I can see why. This was one beautiful creation. My nephew spent much of his childhood on Kwajelain where my brother was an engineer on some missle projects. During that time, he traveled throughout the South Pacific. This led him to Japan where he spent numerous years while he became fluent in the Japanese language and even acted as a translator for the Japanese government. He is an amazing, accomplished man. Wow!
Lunch was, as you can tell, a really special way to spend the early afternoon.
When I got home, I did a few indoor chores, then headed out to the Boys.
To my endless surprise, Toby was hanging about the riding arena and actually wanted to be caught. I may have spoiled it all by giving him a workout in the arena. Mostly easy work, but I did end with some of the upper level exercises including canter pirouettes, and some trot half pass zig zags.
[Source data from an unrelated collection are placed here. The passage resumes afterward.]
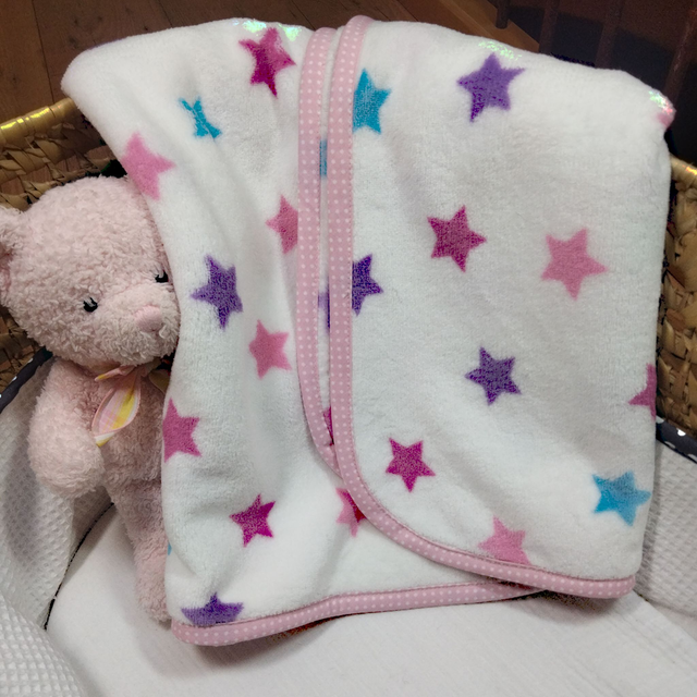 Couverture doudou étoiles rose bleue et mauve
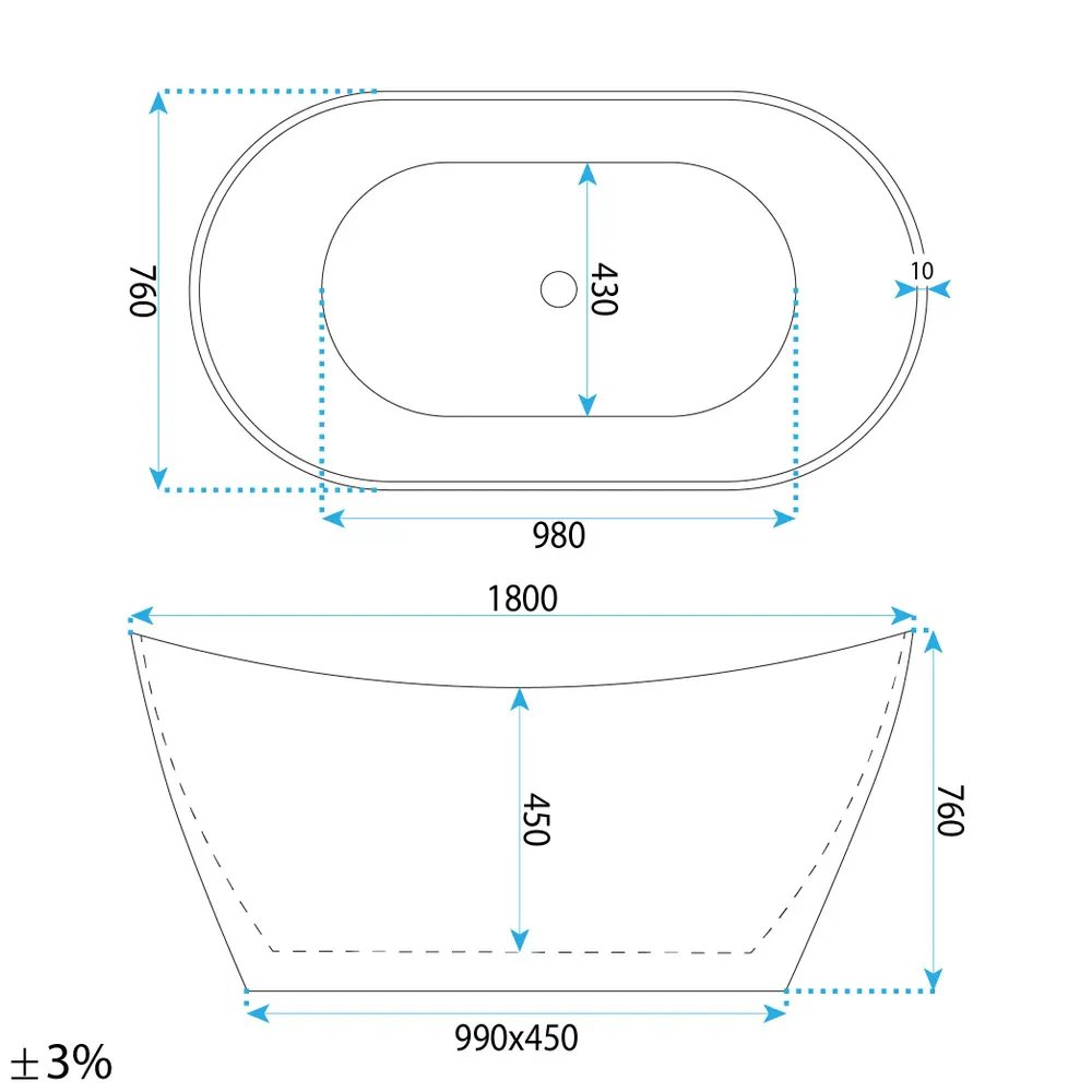 W komplecie znajduje się nowoczesny i designerski przelew wraz z syfonem i korkiem klik kalk. Wanna akrylowa nie absorbuje temperatury otoczenia, przez co zawsze jest przyjemna i ciepła przy zetknięciu z ciałem.
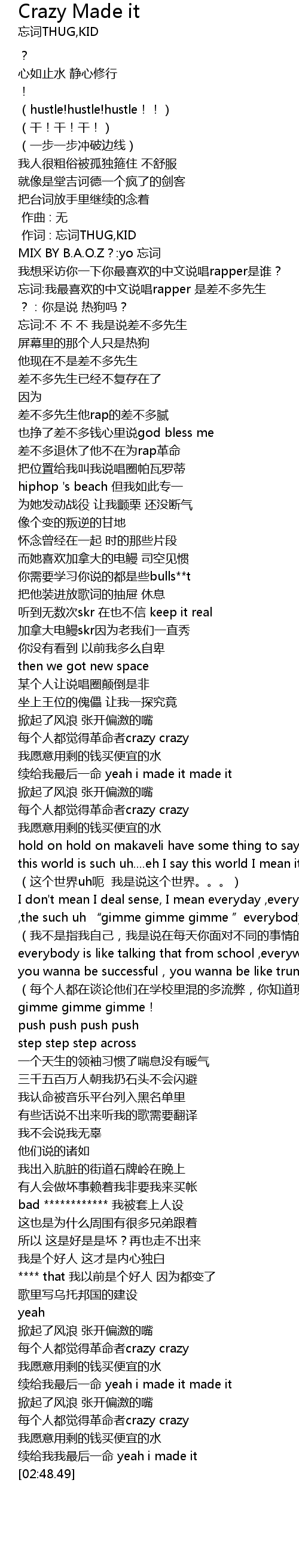 | [02:31.94] | xù gěi wǒ zuì hòu yī mìng yeah i made it made it |

What is really cool is that even at age 18 he is still supple, sound, and full of extra energy when he's challenged to do something tricky.
I saddled up Tucker next. My biggest frustration with him is getting him to go forward right away. It is probably that his short back doesn't afford the looseness he needs without some effort on his part, but I do wish he'd put more energy into his work from the start instead of needing to be "wound up" before he really startes to work.
He is not a breathtaking mover, but he can go quite well. It just takes too much effort to get him there. I have been "waking him up" with lots of transitions, especially trot to canter and back to trot. I must say, though, he is really getting a handle on the simple change of lead, so that is a major accomplishment.
After the workout, we went on a nice little hack in the woods to cool out. Mind you, it was around 50F and I didn't want to get any of the Boys too sweated up. And, I hate to say it, but the bugs were out and, unless I am mistaken, the mosquitoes were biting. Colder weather and rain in the forecast, though, so don't envy me too much.
I decided to stick to the plan an long line Chance. Interesting. He does fight the bit on the right rein, but stays quite composed on the left rein. He tosses his head enough on the right to make me think that perhaps, like Caroline with George, I might try a solid snaffle to see if a different bit settles him more.
We did get some nice work, though, but I had to be extra active when he was on the right rein to try to keep him steady.
If it does rain as predicted tomorrow, I will rest on everyone's laurels.